Fortunately, personal consumption remained buoyant amidst the heavy external pressure. But it is important to note that the consumption growth is somewhat below average.
Despite overall employment growth, the situation of informal employment—often known as jobs with low productivity and income and unsafe work practices—has not changed.
Job opportunities for young people (aged 15-24) are still underdeveloped. This youth unemployment is somewhat staggering since its ratio to the total employment is quite dominant (62 percent).
Moreover, with the current rate of income-per capita growth (3.9 percent), escaping from the middle-income trap is somewhat far reaching.
Indonesia needs at least 6 to 7 percent of income per capita growth (Hardiana and Hastiadi, 2018) in order to be classified as a high-income country.
Considering the period of demographic bonus, we will lose the momentum if the government still sees this as business as usual. Indonesia will grow old before it gets rich.
Furthermore, from the prevailing data, unemployment in Indonesia has reached a fairly good rate (5.5% and 5.13% in 2017 and 2018 respectively).
Nevertheless, if we look at the contribution of unpaid family workers, the data shows that Indonesia has a significant number of family workers (13.6% of total workers) compared to that of Germany (0.4% of total workers) or even that of neighboring countries such as Singapore (0.4% of total workers), Malaysia (4.4% of total workers) and the Philippines (8.3% of total workers).
This indicates that there are still many Indonesian workers who have not been paid properly.
Inflation & stock market
A good collaboration between the monetary and fiscal authorities has been safeguarding the price dynamics.
We can see this as important gimmick that creates an important shock-breaker towards the bumpy road ahead. Heads up!
The composite index remains stagnant and poses a downward trend given the fundamental shock from the GDP and the interest rate. Winter is coming folks!
Although this is not part of the original Silverian model, infrastructure development is a very important variable for the incumbent.
Physical infrastructure such as roads, bridges and electricity will provide steadiness and assuredness in attracting Foreign Direct Investment.
In other words, good infrastructure will only lead to a sustainable inter trade and investment. Should Indonesia seeks to achieve sustainable growth, it should at least solve the latent problems of undeveloped infrastructure.
The work of the government is posing a positive signal towards future investors.
All in all, the incumbent’s efforts to bring the Indonesian economy to a positive path is not unprecedented, before but it had not been effectively done before.
The principles of a good macroeconomic framework are credibility, flexibility, and political legitimation.
The rule of law could create credibility if the rule is widely known and well understood by the public.
With credibility, it will be easier to handle any economic turbulence with the policy instrument that is controlled by the economic authority.
Credibility could function more when there is a transparent and an accountable framework in which strengthens political legitimation.
Effective policy would merge up if the policy makers have the ability to react promptly in every unprecedented shock.
Credible policy makers are those who make the policy with respect for transparency.
With high level transparency, any economic shock would be easily diminished.

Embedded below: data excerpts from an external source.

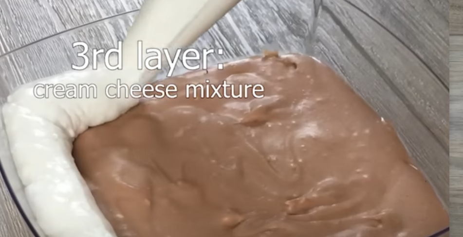 Pierwsza Warstwa : Na warstwę herbatników nałóż warstwę mieszanki z czekoladą. Zamroź na 15-20 minut.
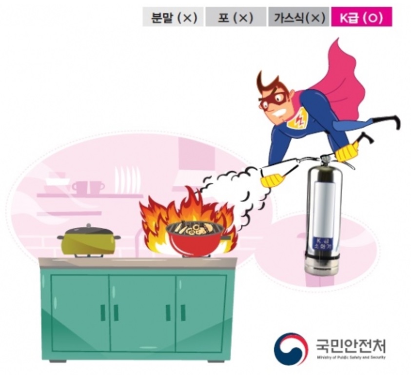 음식점 등 주방에는 주방용 K급 소화기 비치 필수
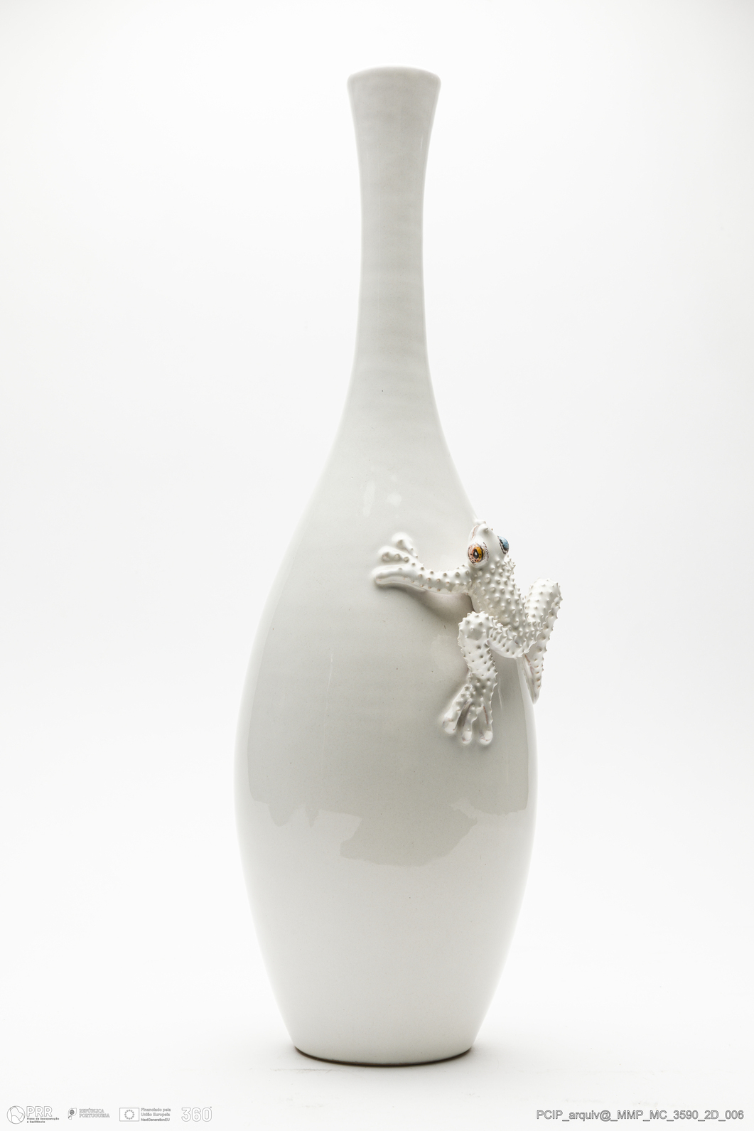Matéria/Técnica: Barro vermelho moldado. Vidrado monocromo a branco; Cronologia: século XXI; Autoria: Mirta Morigi, Faenza; Dimensões (cm): Altura: 38,5; Diâmetro: 12.

Without transparency, every policy with regards to economic target and fiscal rule would become obsolete since the public could not compare between the target and the realisation.
Moreover, the political legitimation would become very important since the policies being made should reflect national consensus. This in turn creates balance of power and also general responsibilities which could reduce the negative effect from uncoordinated policy.
So, who will win the election? Hard to tell!
Fithra Faisal Hastiadi is a Faculty Member of FEB UI (University of Indonesia’s School of Economics and Business) and an alumnus of the Australia-Indonesia Leaders Program.